(Python/tqdm) Getting all zeros in timer when working with Pandas

1.7k views Asked by At

I'm trying to display a progress bar whenever a file is loaded into pandas. But all I get back is this.

0it [00:00, ?it/s]

Here is the code I'm working with.
I'm importing tqdm based on some examples that I've found.

from tqdm import tqdm
...

def function(self):
    params = self.getGuiParams()
    filename = params['fileNameLineEdit']
    keyname = params['dataSetNameLineEdit']
    try:
        print('Loading data file: ' + str(filename))
        self.datakeys.append(keyname)
        chunksize = 50000
        df = tqdm(pd.read_csv(filename, header=[0, 1], chunksize=chunksize, iterator=True))
        self.data[keyname] = spectral_data(df)
    except Exception as e:
        print('Problem reading data: {}'.format(e))
2

There are 2 answers

4
Danielle M. On BEST ANSWER

tqdm requires an iterator.

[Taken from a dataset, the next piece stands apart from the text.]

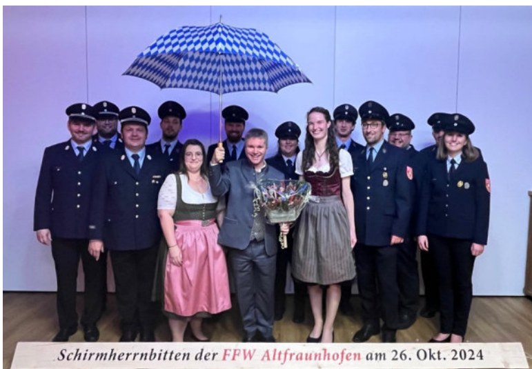
Schirmherrnbitten der FFW Altfraunhofen am 26. Okt. 2024

Zum krönenden Abschluss knieten die Mitglieder des Festausschusses traditionell auf einem Holzscheidl, um dem Bürgermeister ihre tiefe Verbundenheit und den Respekt gegenüber der Bedeutung seiner Entscheidung zu zeigen. Erst als Bürgermeister Johann Schreff, sichtlich gerührt von der Hingabe und dem Engagement der Feuerwehr, sein erlösendes "Ja" sprach, war die Schirmherrschaft gesichert. Mit Schreff als Schirmherr blickt die Freiwillige Feuerwehr Altfraunhofen nun freudig auf das bevorstehende Festjahr 2025 und die Feierlichkeiten zum 150-jährigen Bestehen der Wehr. Die Vorbereitungen laufen bereits auf Hochtouren, und das Schirmherrnbitten war ein weiterer Meilenstein auf dem Weg zu einem unvergesslichen Jubiläum.

While you are using the iterator=True option for read_csv, you are assigning the resulting TextFileReader object back to df, without actually iterating on it.

Try something like:

tfr = pd.read_csv(filename, header=[0, 1], chunksize=chunksize, iterator=True
with tqdm() as pbar:
  # do something with the chunk
  pbar.update()

I've never used tqdm so that may not work out of the box - you might need to calculate file size and how many chunks that will take etc.

1
Christian Steinmeyer On

In addition to the other answer, that manually updates the tqdm progress bar, I'd like to suggest an alternative that might be a little more intuitive:

text_file_reader = pd.read_csv(filename, chunksize=chunksize, iterator=True)
for chunk in tqdm(text_file_reader):
    # chunk is a pd.DataFrame with *chunksize* rows of pd.read_csv(filename)
    # (the last chunk might have fewer rows)

    # do something with the chunk

This will not give you a standard progress bar slowly filling up to 100%. Instead, you will get information about how many chunks were already processed and what their average processing time was: like so:

18/? [00:22<00:00, 1.29s/it]

One might be able to fill the progress bar with meaningful data - however, as I see it this would require some kind of estimate of number or rows from file size which doesn't seem trivial to me.